See, e.g., Section 1(b)(3) of the Act, which declares, in part, that the public interest and the interest of investors are adversely affected "when investment companies issue securities containing inequitable or discriminatory provisions ... ."

Gerald T. Lins
Attorney


Mcguire, Woods & Battle
One James Center
Richmond, VA 23219
Telephone (804) 644-4131
January 29, 1986

Division of Investment Management
Securities and Exchange Commission
450 Fifth Street, NW
Washington, D.C. 20549

Attn: Chief Counsel

Re:      Southeastern Growth Fund, Inc.
Investment Company Act of 1940, Regulation @ 270.12b-1
Employee Retirement Income Security Act of 1974,
Section 406: Prohibited Transaction Exemption 77-3

Dear Sirs:

We are writing to request the advice of the Division that it would not recommend to the Commission that it take action if Southeastern Growth Fund, Inc. (the "Fund") amends its 12b-1 distribution plan to provide that a distribution fee will not be paid with regard to that portion of the Fund's assets attributable to an investment in the Fund by any employee benefit plan whose investment in the Fund would otherwise violate Section 406 of the Employee Retirement Income Security Act of 1974 (ERISA).

The Fund is a diversified, open-end investment company which was incorporated under the laws of Virginia on January 7, 1985. It is registered under the Investment Company Act of 1940, as amended (the "1940 Act"). The Fund seeks long-term capital growth by investing in a diversified portfolio of securities, primarily common stocks of companies that are domiciled or whose principal business is located in the Southeastern United States.

Wheat First Securities, Inc. ("Wheat") acts as distributor of the Fund's shares. Wheat Investment Advisors, Inc. ("WIA") serves as investment adviser and administrator of the Fund. Both Wheat and WIA are wholly-owned subsidiaries of WFS Financial Corporation ("WFS").

The Fund does not charge sales commissions (i.e., the Fund is a "no-load" fund). However, Wheat receives a fee for its services under the Fund's "Plan of Distribution Pursuant to Rule 12b-1" (the "Distribution Plan"). Wheat receives a distribution fee which is accrued daily and paid monthly at a rate of 1% per year of the Fund's average daily net assets.

WFS maintains for its employees an Employee Benefit Plan (the "Plan") under ERISA and would like to have the flexibility to invest a portion of the Plan's assets in the Fund. However, an investment by the Plan in the Fund may violate Section 406 of ERISA unless Wheat complies with Prohibited Transaction Exemption 77-3, 42 F.R. 18734 (PTE 77-3) by waiving the distribution fee for the portion of the Fund's assets attributable to the Plan.

Section 406 of ERISA provides in pertinent part:

(a)(1) A fiduciary with respect to a plan shall not cause the plan to engage in a transaction, if he knows or should know that such transaction constitutes a direct or indirect ... (D) transfer to, or use by or for the benefit of, a party in interest, of any assets of the plan ...

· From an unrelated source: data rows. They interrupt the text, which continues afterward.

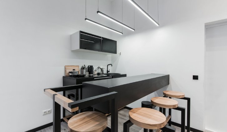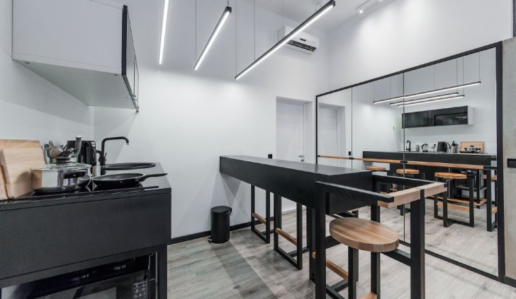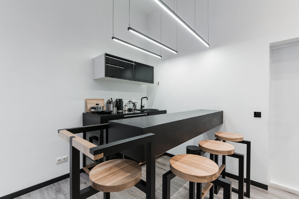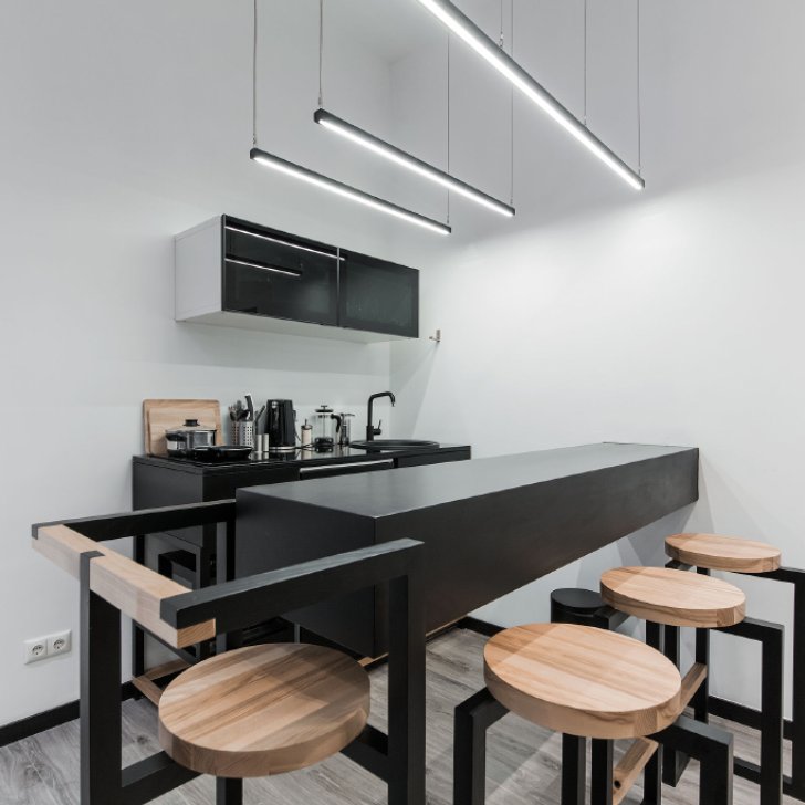 На кухне и в обеденной зоне использованы более крупные светодиодные светильники. Их установили на оптимальной высоте при помощи тонких металлических подвесов.
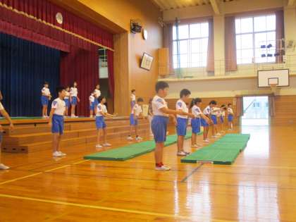 12日に行われる校内発表会、16日に行われる学習発表会に向けて、先生方に途中経過を見ていただきました。準備運動や片付けも演技のうちだということ、止まるときの視線や指先まで意識すること、緊張感に耐える練習をすること等、たくさんアドバイスをしてもらいました。子どもたちは日に日に真剣な表情で団結して練習に取り組んでいます。今日の練習を生かして、残り一週間で最高の演技をしてくれることを期待しています。
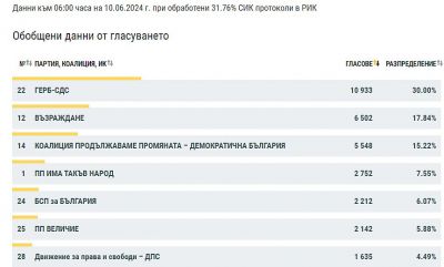 Резултатите към 6:00 сутринта при обработени 36.73% протоколи от секционните избирателни комисии ГЕРБ печели доверието на 23,39% от избирателите.

Wheat is a "party in interest", as defined by ERISA Section 3(14), with respect to the Plan. Since the Plan's investment in the Fund arguably would benefit Wheat through the Distribution Plan, ERISA counsel to the Plan advised that the transaction may be found to violate the prohibited transaction rule of ERISA Section 406(a)(1) unless Wheat complies with PTE 77-3.

PTE 77-3 allows a mutual fund "in-house" plan to invest the assets of its employee benefit plan in its own mutual fund provided it complies with the following four conditions:

(a) The plan does not pay any investment management, investment advisory or similar fee to such investment adviser, principal underwriter or affiliated person. This condition does not preclude the payment of investment advisory fees by the investment company under the terms of its investment advisory agreement adopted in accordance with Section 15 of the Investment Company Act of 1940.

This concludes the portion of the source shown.